Data shown
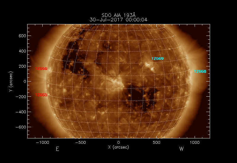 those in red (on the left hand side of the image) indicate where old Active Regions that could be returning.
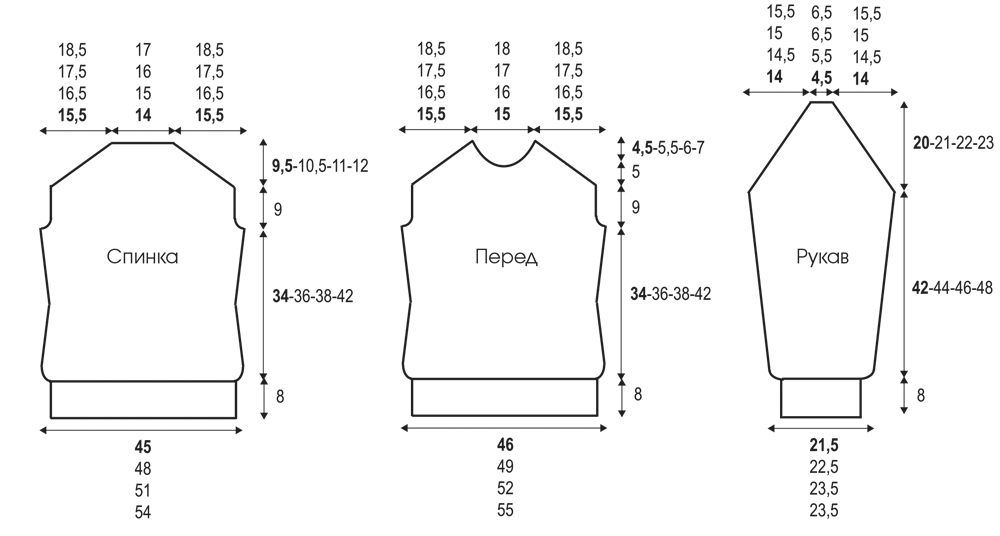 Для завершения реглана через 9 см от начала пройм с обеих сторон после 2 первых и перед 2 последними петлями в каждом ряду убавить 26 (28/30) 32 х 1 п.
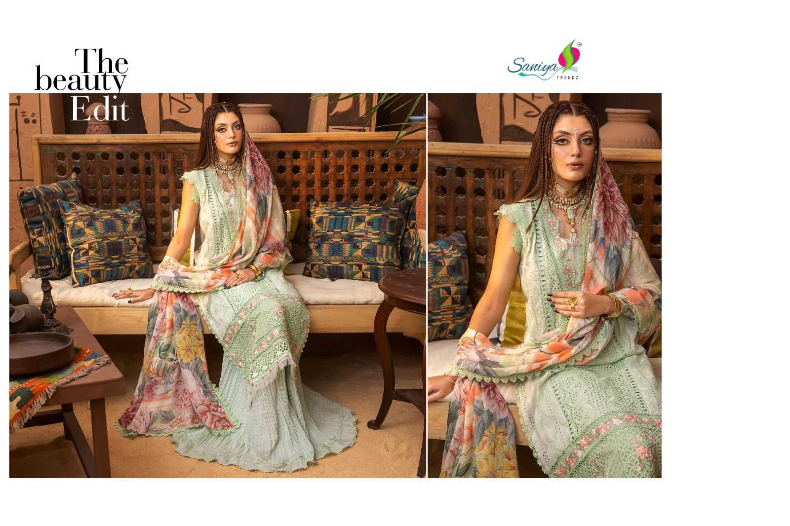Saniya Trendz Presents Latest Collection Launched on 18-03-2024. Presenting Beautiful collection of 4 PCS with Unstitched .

What you will do
The whole listing above, line by line, needs to be copied exactly, except for any images.

Written solution
 those in red (on the left hand side of the image) indicate where old Active Regions that could be returning.
 Для завершения реглана через 9 см от начала пройм с обеих сторон после 2 первых и перед 2 последними петлями в каждом ряду убавить 26 (28/30) 32 х 1 п.
Saniya Trendz Presents Latest Collection Launched on 18-03-2024. Presenting Beautiful collection of 4 PCS with Unstitched .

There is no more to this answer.